Ally Financial - Charlotte, NC
posted 5 months ago
As a Site Reliability Engineer (SRE) Manager at Ally Financial, you will play a pivotal role in ensuring the reliability and scalability of our complex systems. You will be responsible for managing the SRE team, which includes both Ally employees and contractors, and will collaborate with cross-functional teams to design, build, and maintain robust, scalable, and fault-tolerant systems. Your work will involve advocating for reliability best practices during the application development lifecycle, ensuring that our systems are not only functional but also resilient and efficient. In this role, you will design and implement monitoring and alerting systems that provide real-time visibility into user experience and system health. You will monitor and analyze system performance, proactively identifying potential issues and implementing solutions to ensure optimal performance and reliability. Additionally, you will develop and maintain automated tools and processes to streamline operational tasks, reducing the need for manual interventions.
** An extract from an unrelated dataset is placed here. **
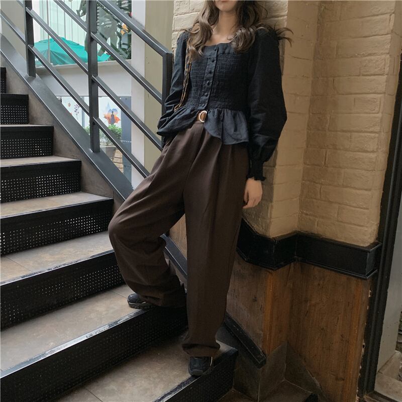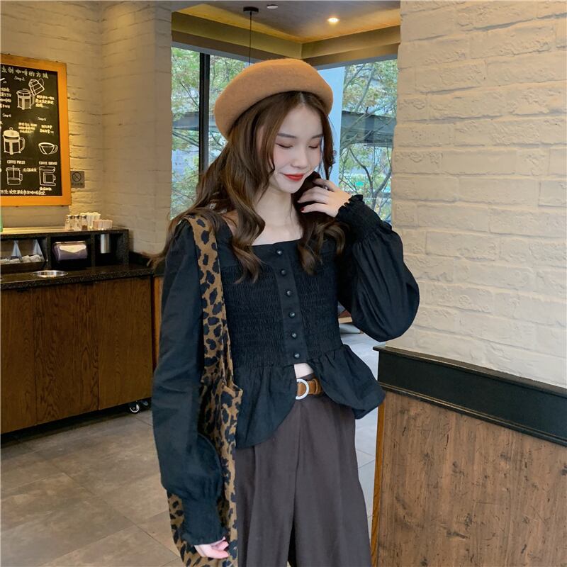スタンダードプリーツシャツ スプリングブラックカラールーズカジュアル ロング レトロ 春物 スクウェア kumikum67800564609

Your participation in incident response and post-mortems will contribute to our continuous improvement efforts, ensuring that we learn from past incidents and enhance our systems accordingly. You will also conduct capacity planning and resource optimization to handle the growing demands on our infrastructure. This involves continuously researching and evaluating new technologies and practices to enhance the reliability and efficiency of our systems. Your leadership will be crucial in guiding the SRE team through these challenges, fostering a culture of problem-solving and innovation.